You do realize that he likely wants you back simply because you want out and he won't have plan b anymore.

If you went back you'd get more of the same.....maybe more because you would have shown him that he can get away when it. 

You're doing the right thing..... don't waste any more of your life with this dirtbag.

He's shown you nothing but contempt. Probably still has *****s too..... he's hiding them.


----------



## WorkingWife (May 15, 2015)

bwent said:


> @WorkingWife I basically just want out because we've already split our possessions ourselves and I don't want anything to do with that house of his.
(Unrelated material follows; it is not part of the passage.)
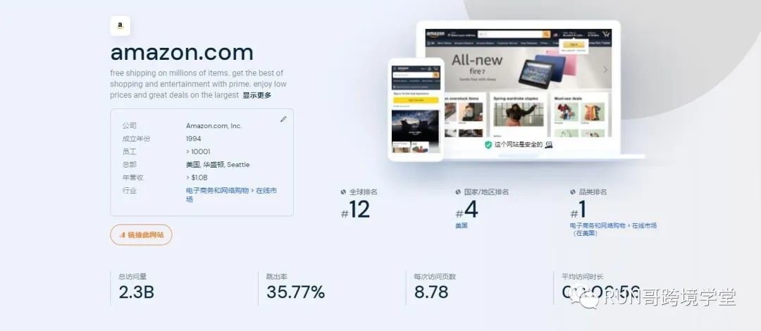 亚马逊美国站目前全球排名第11名,在美国排名第4名,在美国电商和购物类网站排名第1名。

I said that when we married, I would never take the house or try to make him sell it. It's been in the family for four generations. We are millennials, we have like no money, so what can I possibly take from him at this point? I just made sure I got my stuff out of the house. Now I just want my name legally changed back and to no longer be connected to him.


Good for you. You have thought this through. I was afraid you were just trying to be the good guy and would regret it some day but your situation is different than mine.

One thing is the same though - my ex was out drinking and sleazing a couple nights a week - sometimes 'till 4:00 am! Toward the end of our marriage I was with some male colleagues in the evening and we started partying. Around 7:00 pm I called him and told him where I was and that I would be out late. He could have called to check on me or joined us, so I had no idea he was upset. But when I got home at 2:00 AM he looked like his dog had died. His eyes were bloodshot, his hair was rumpled, he was pacing back and forth. He was so JEALOUS. He was practically CRYING. He asked "Where have you been? Do you know what time it is?" I was totally confused since I had called him, but I realized I had NEVER gone out drinking with friends before even though he did it ALL the time. I said "It seems a little ironic *you *having this conversation with *me*." He said "Don't you think I know that?" Too late, buddy. When I moved out I left my wedding dress hanging in the closet and he handed it to me and said "you forgot this." I said "Oh, sorry." and dropped it in the trash. He went on and on about how *hurtful *I was. STFU CHEATER! Ah, good times! LOL.

You'll get through this and in a couple months you'll be so relieved to have him in your rear view mirror.


----------